Back in 1995, papers published by researchers at the Aaron Diamond AIDS Research Center in New York and the University of Alabama suggested that HIV could possibly be eradicated from the body within three years of starting a protease inhibitor-based drug regimen. This theory was based on the assumption that all HIV-infected cells in the body are short lived and that combination antiretroviral therapy likely had the potency to snuff out viral replication completely.

In 1997, the publication of three additional papers threw a wet towel on the hope stemming from the 1995 findings.  The papers – representing a series of studies conducted at Johns Hopkins University in Baltimore, the University of California, San Diego, and the National Institutes of Health in Bethesda – confirmed the presence of long-lived CD4 cell populations capable of harboring HIV for many months. Because these cells are “resting,” and because HIV medications can only go to work in HIV-infected cells that are actively dividing, the research teams estimated that eradication of the virus would require anywhere from 10 to 60 years of continuous “maximally suppressive” antiretroviral therapy.

Based on these and other observations, researchers have looked into ways to activate these long-lived resting cells so that standard antiretroviral therapy can get to the virus and stop it from replicating. Unfortunately, using immune-based therapies (such as Proleukin® [interleukin-2]) in combination with antiretroviral therapy did not work in this regard. A likely explanation for this is the fact that activation not only induced viral replication, it also increased the number of susceptible uninfected cells beyond the threshold that can be protected by antiretroviral therapy.

What was needed, it seemed, was a drug capable of inducing the expression of HIV hiding within these cells, while simultaneously limiting any activation of immune system cells.

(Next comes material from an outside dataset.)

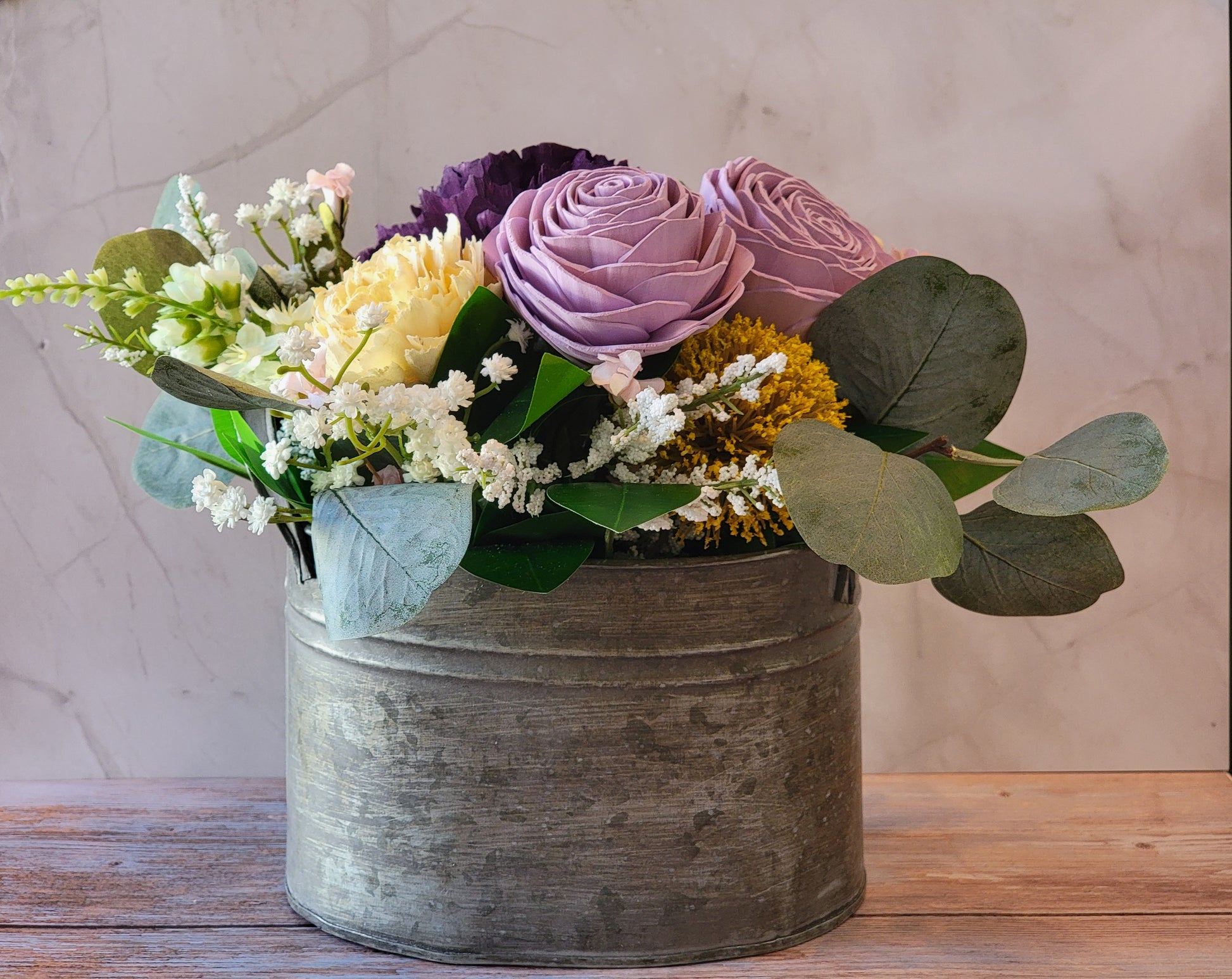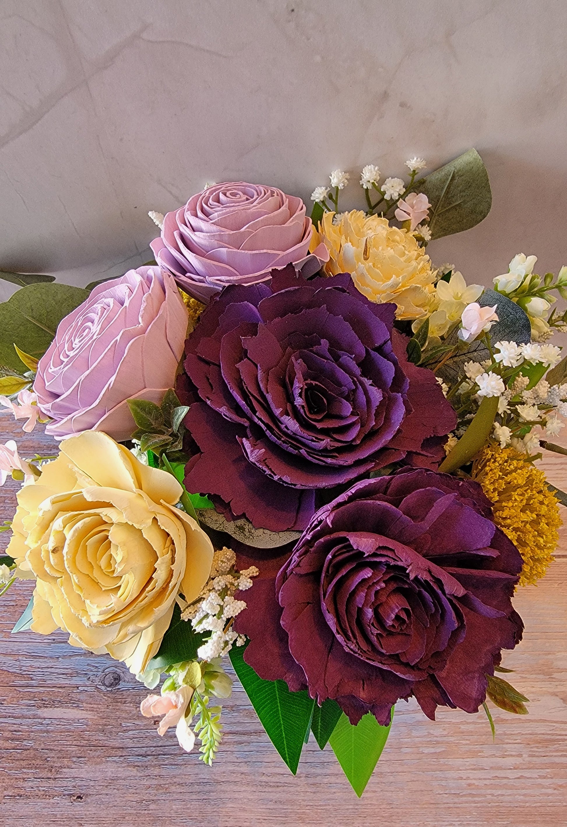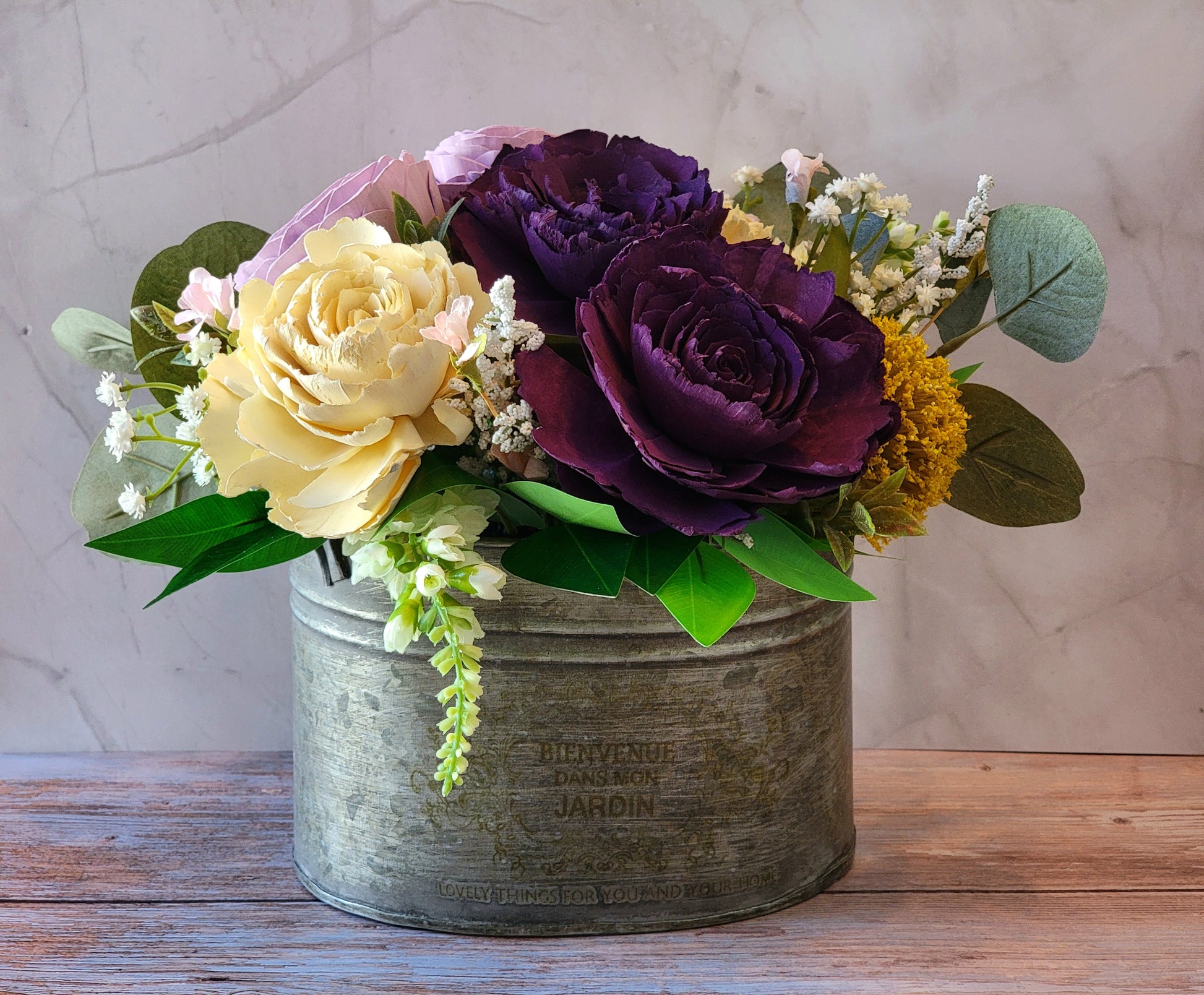 Purple & Yellow Wood Flower Arrangement

One such approach that has gained a lot of attention in recent years is the inhibition of histone deacetylase (HDAC), an enzyme believed to play a key role in maintaining HIV inside long-lived resting cells.

In 2001, it was determined that valproic acid – a medication commonly used to manage seizures, migraines, and bipolar disorder – is an inhibitor of HDAC, a finding that has resulted in great interest among researchers on the HIV eradication trail.

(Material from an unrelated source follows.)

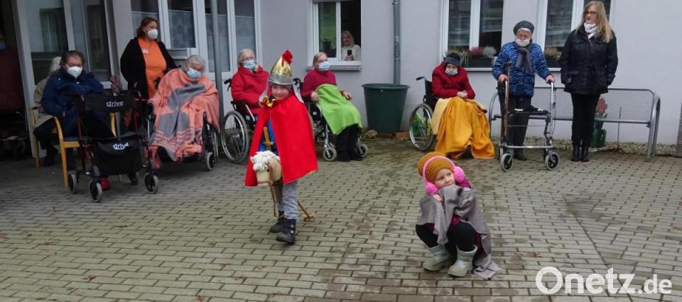 Heuer war es mit Einschränkungen wieder möglich: Die Kinder des Regenbogen-Kindergartens brachten den beiden Seniorenheimen die Geschichte von St. Martin näher – und die Bewohner freuten sich. Die Kinder und Erzieherinnen des evangelischen Kindergartens Regenbogen machten sich auf den Weg zu den Seniorenheimen der Stadt. Mit Jonas als St. Martin und Katharina als Bettler brachten sie den Bewohnern des Caritas-Heimes und des BRK-Altenheims die Geschichte des Heiligen näher.
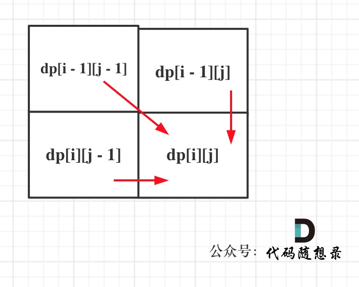 从递推公式,可以看出,有三个方向可以推出dp[i][j],如图:

This was followed by another paper in 2005, authored by David Margolis, MD, of the University of North Carolina, Chapel Hill, and his colleagues, reporting on study results involving four HIV-positive patients receiving three months of valproic acid in combination with their antiretroviral drug regimens. In short, the study found that levels of HIV inside the quiescent cell population decreased dramatically. While Dr. Margolis’ group remained cautious in its interpretation of the results, they were widely seen by others as a sign that eradication of the virus may be possible after all.

Two years later, a new paper published by Janet Siliciano, PhD, of Johns Hopkins University and her colleagues has, unfortunately, concluded that valproic acid may not be the panacea many hoped it would be. The study enrolled nine HIV-positive patients taking antiretroviral therapy, along with valproic acid for at least three months for the management of neurologic and psychiatric problems.

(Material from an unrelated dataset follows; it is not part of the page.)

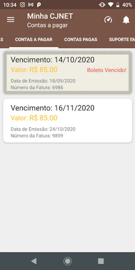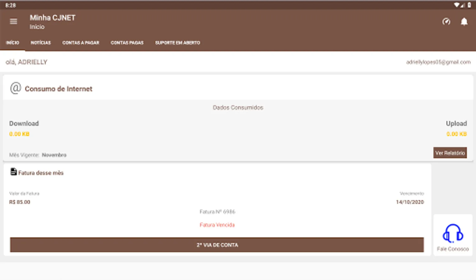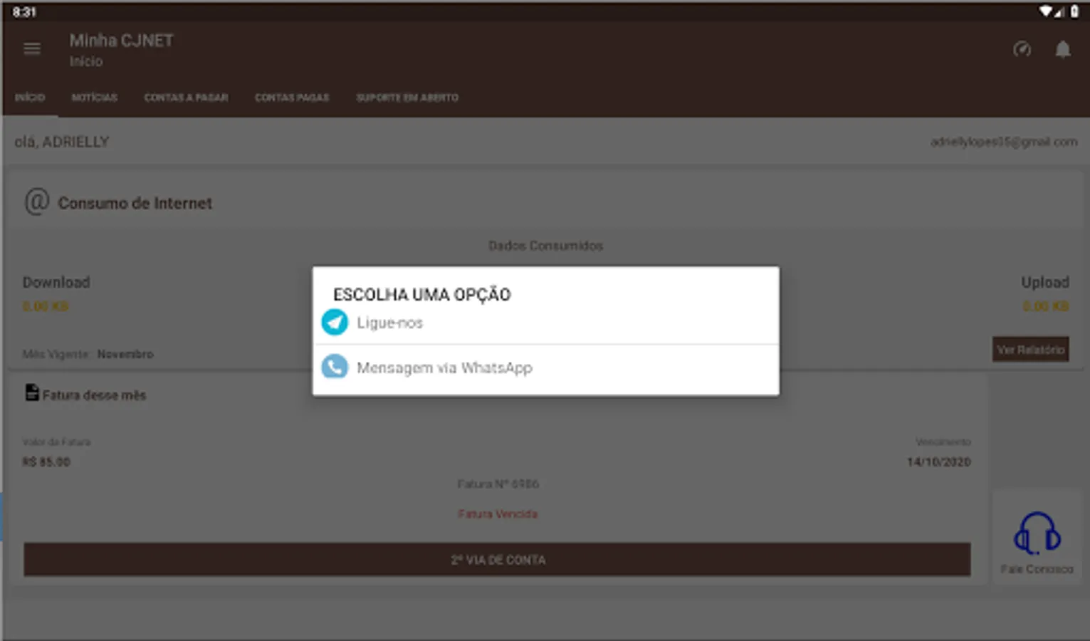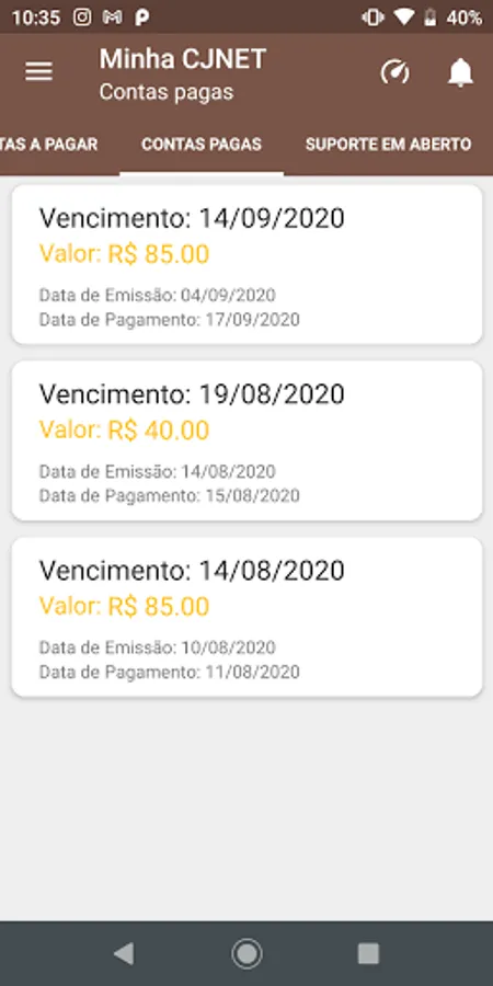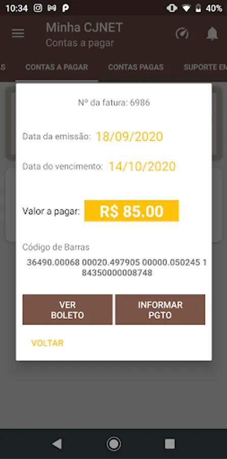 With this APP it is possible to view and download slips, see open supports, see connection and contact the provider CJNET TELECOM

Using a well-established assay to evaluate the size of the HIV reservoir in resting CD4 cells, Dr. Siliciano’s group reported that “latently infected cells were readily detectable in all patients studied and did not in general decrease over time in a given patient. The estimated decay of the latent reservoir was extremely slow and was similar to that previously reported for patients receiving [antiretroviral therapy] alone.” In other words, valproic acid’s affect on this hard-to-reach HIV population was limited at best.

While Dr. Siliciano group looked for key discrepancies between its research and the 2005 data published by Dr. Margolis’ group, there was no obvious explanation for the different results.

“Regardless of whether [valproic acid] proves to be useful,” Dr. Siliciano’s group writes in its concluding remarks, “the size of the latent reservoir through studies of the kind reported by [Dr. Margolis’ group] are of great importance, because cure of HIV infection cannot be achieved without elimination of the latent reservoir in resting CD4 cells.”

An accompanying editorial, written by Robert Schooley, MD, of the University of California, San Diego, and John Mellors, MD, of the University of Pittsburgh, implies that data from Dr. Siliciano’s group should not be seen as a letdown, but rather an important stepping stone to other avenues of eradication research.

“These studies should not be seen as failures but rather as examples of hypothesis-driven clinical investigation that should lay the groundwork for future work focused on achieving a cure,” Drs. Schooley and Mellors write. “There are a multitude of tools to apply to this goal, including small interfering RNA, passive cellular immune augmentation, therapeutic vaccination, stem cell biology, cellular activation with combinations of more-selective ligands – as well as combinations of these approaches.”

Sources:

Lehrman C, Hogue IB, Palmer S, et al. Depletion of latent HIV-1 infection in vivo: a proof-of-concept study. Lancet 336:549-55, 2005.

Schooley RT, and Mellors JW. No cure yet for HIV-1, but therapeutic research presses on. J Infect Dis. Published online: January 31, 2007.

Siliciano JD, Lai J, Callender M, et al. Stability of the latent reservoir for HIV-1 in patients receiving valproic acid. J Infect Dis. Published online: January 31, 2007.